LAM/MPI logo

LAM/MPI General User's Mailing List Archives

  |   Home   |   Download   |   Documentation   |   FAQ   |   all just in this list

From: Bryan O'Sullivan (bos_at_[hidden])
Date: 2005-02-04 01:53:18


I'm having trouble running lamboot with slurm. This is on a cluster of
dual-CPU Opteron systems running Fedora Core 3. LAM and SLURM were both
built on Fedora Core 1. The version of SLURM I'm using is 0.3.10.

        $ srun -A -n 2 -p tools
        $ printenv | grep SLURM
        SLURM_NODELIST=eng-24
        SLURM_NNODES=1
        SLURM_JOBID=155
        SLURM_TASKS_PER_NODE=2
        SLURM_NPROCS=2
        SLURM_DISTRIBUTION=block
        $ lamboot
        
        LAM 7.2b1svn02032005/MPI 2 C++/ROMIO - Indiana University
        
        Segmentation fault

As you can see, this is happening with LAM's nightly SVN snapshot. I
tried the nightly because 7.1.1 had the same problem.

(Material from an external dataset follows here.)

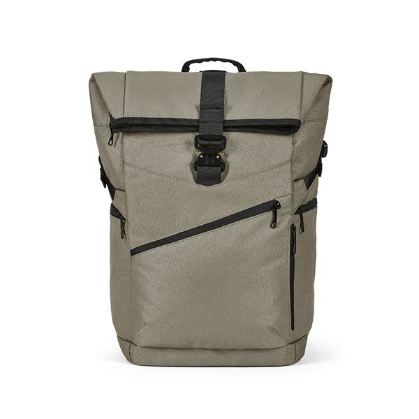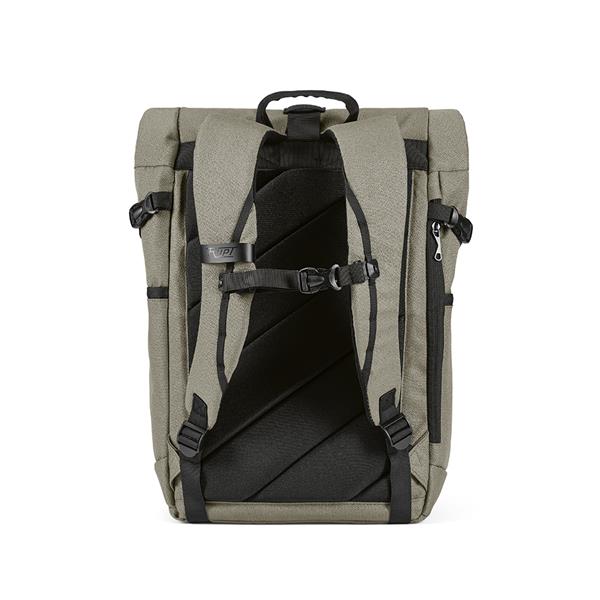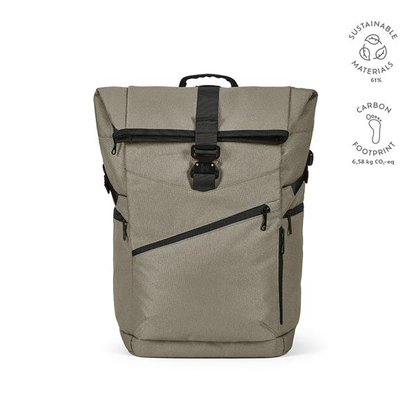 Skrupulatnie zaprojektowany plecak o pojemnosci 28 litrów jest wykonany z materialu rPET. Posiada wysokiej jakosci zapiecie na rolowana klamre. Na wyscielanych plecach znajduje sie pasek do wózka i ukryta kieszen. Wzmocniony uchwyt i paski. Pakowane indywidualnie w torby polietylenowe z recyklingu.

Compiled with debug information, I get the following backtrace from gdb:

        (gdb) bt
        #0 0x000000304e46f6b0 in strcmp () from /lib64/tls/libc.so.6
        #1 0x0000002a95587c32 in lam_ssi_boot_slurm_allocate_nodes (nodes_arg=0x0,
            nnodes_arg=0x7fbffff2ec, origin_arg=0x7fbffff2f0)
            at ../../../../../../share/ssi/boot/slurm/src/ssi_boot_slurm.c:347
        #2 0x0000000000401973 in main (argc=1, argv=0x0)
            at ../../../tools/lamboot/lamboot.c:247

Looking at frame 1, I see that the second parameter (short_hostname) to
strcmp is valid, but the host_names array contains garbage:

        (gdb) p short_hostname
        $4 = "eng-25", '\0' <repeats 4450 times>, ...snipped...
        (gdb) p host_names
        $5 = (char **) 0x506c10
        (gdb) p host_names[0]
        $6 = 0x34322d676e65 <Address 0x34322d676e65 out of bounds>

The host_names variable is initialized at ssi_boot_slurm.c:330, from
slurm_nodelist:

        (gdb) p *slurm_nodelist
        $10 = {la_element_size = 8, la_num_allocated = 10, la_num_used = 1,
          la_array = 0x506c10 "eng-24", la_comp = 0}

This looks valid to me, but the trouble appears to be that la_array has
completely different contents depending on whether there's one element
in the array or more than one.

With one element in the array, la_array points to plain data here. In
other words, it's an array of char. However, with two elements in the
array (let's say I run with "srun -N 2" instead of "srun -n 2"),
la_array is an array of char*. The code using the data doesn't take
this into account. I assume it's a bug in the way lam_array_t is used,
rather than in the user of the code.

I believe I've shown a simple reproduction recipe (try to run
lamboot when you've allocated just one node) and pinpointed the problem
(inconsistent handling of lam_array_t), so I'll call myself done.

Good night,

        <b